(Given information)

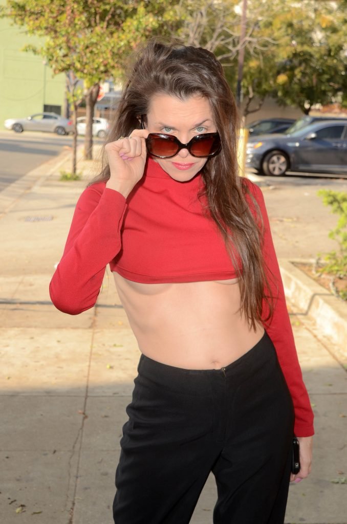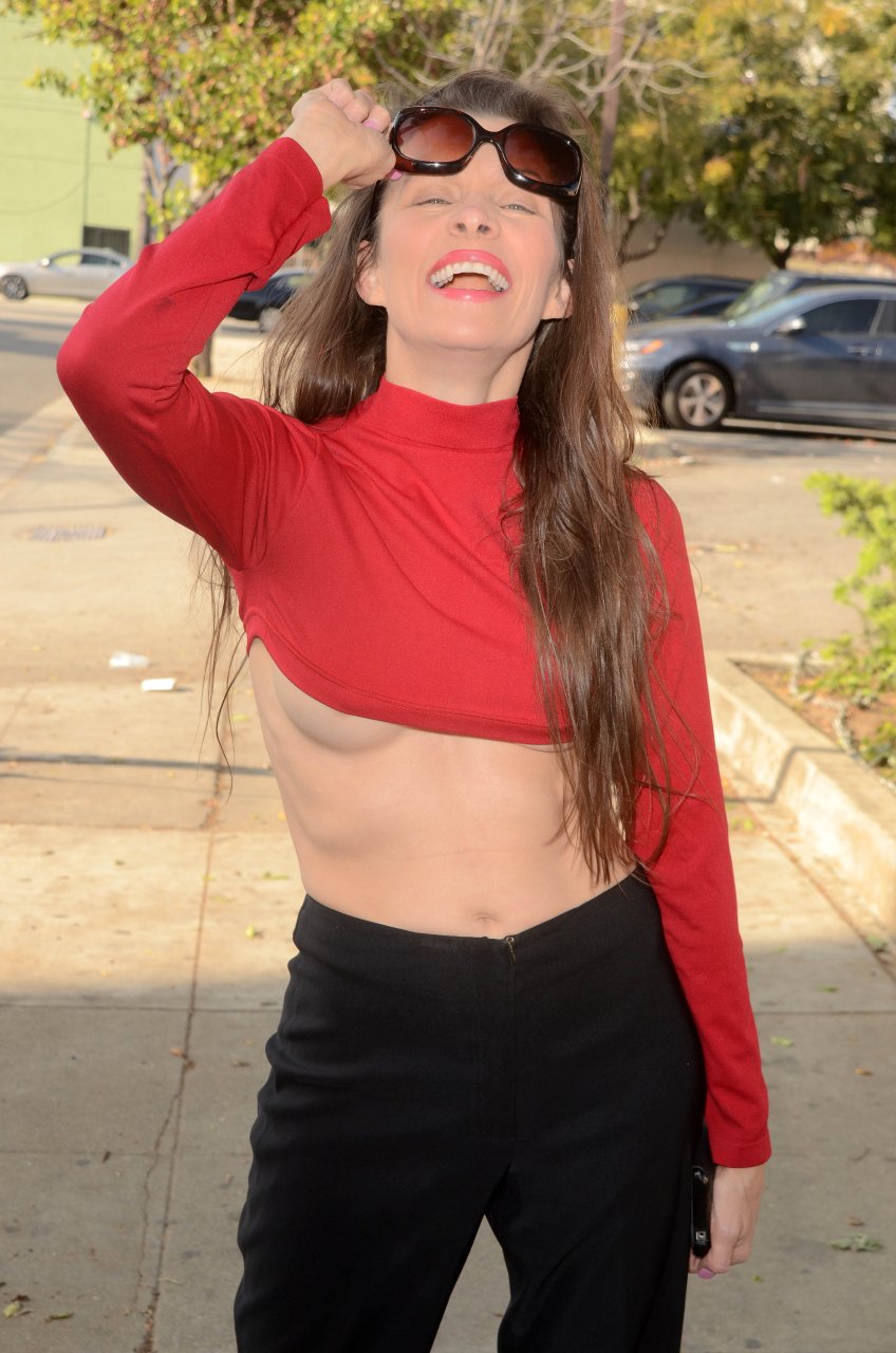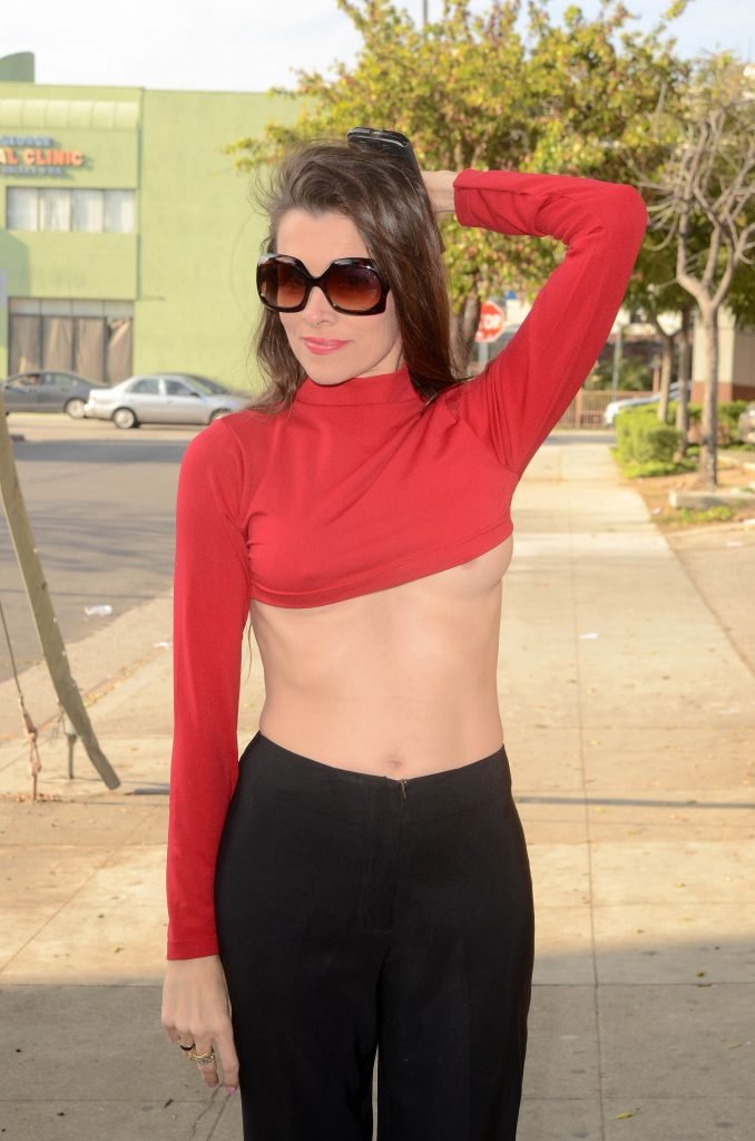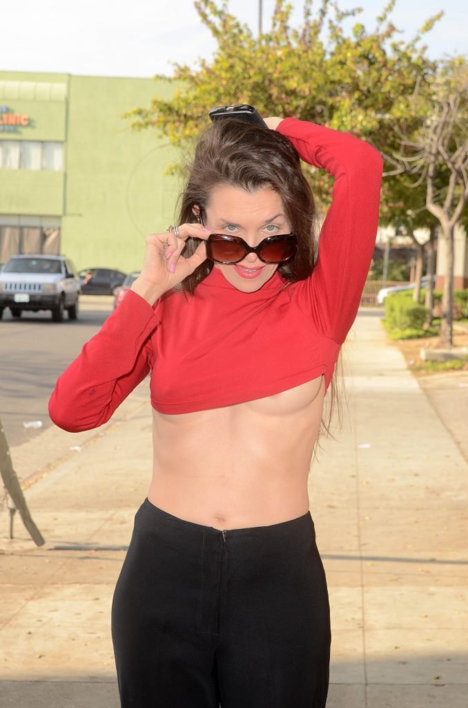 Alicia Arden foi vista em Hollywood usando uma camisa ousada com under-boob, 11/06/2017. Alicia Arden é uma atriz americana (General Hospital, Baywatch). Idade: 48.
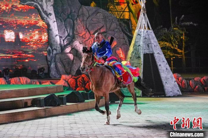 鄂伦春族人表演骑马狩猎场景,身后是桦树皮制作的“撮罗子”。赵宇航 摄
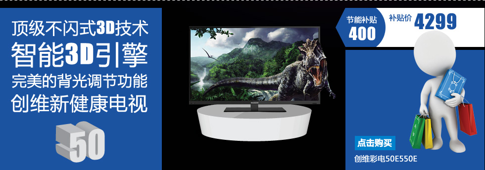 - 创维(skyworth)55E750A彩电购买后再享受国家节能补贴400元!顶级不闪式3D技术,智能3D引擎,完美的背光调节功能,创维新健康电视!

(End Given information)

> Task statement: Give the data again exactly. Keep the images out.

> Result of this task:
 Alicia Arden foi vista em Hollywood usando uma camisa ousada com under-boob, 11/06/2017. Alicia Arden é uma atriz americana (General Hospital, Baywatch). Idade: 48.
 鄂伦春族人表演骑马狩猎场景,身后是桦树皮制作的“撮罗子”。赵宇航 摄
 - 创维(skyworth)55E750A彩电购买后再享受国家节能补贴400元!顶级不闪式3D技术,智能3D引擎,完美的背光调节功能,创维新健康电视!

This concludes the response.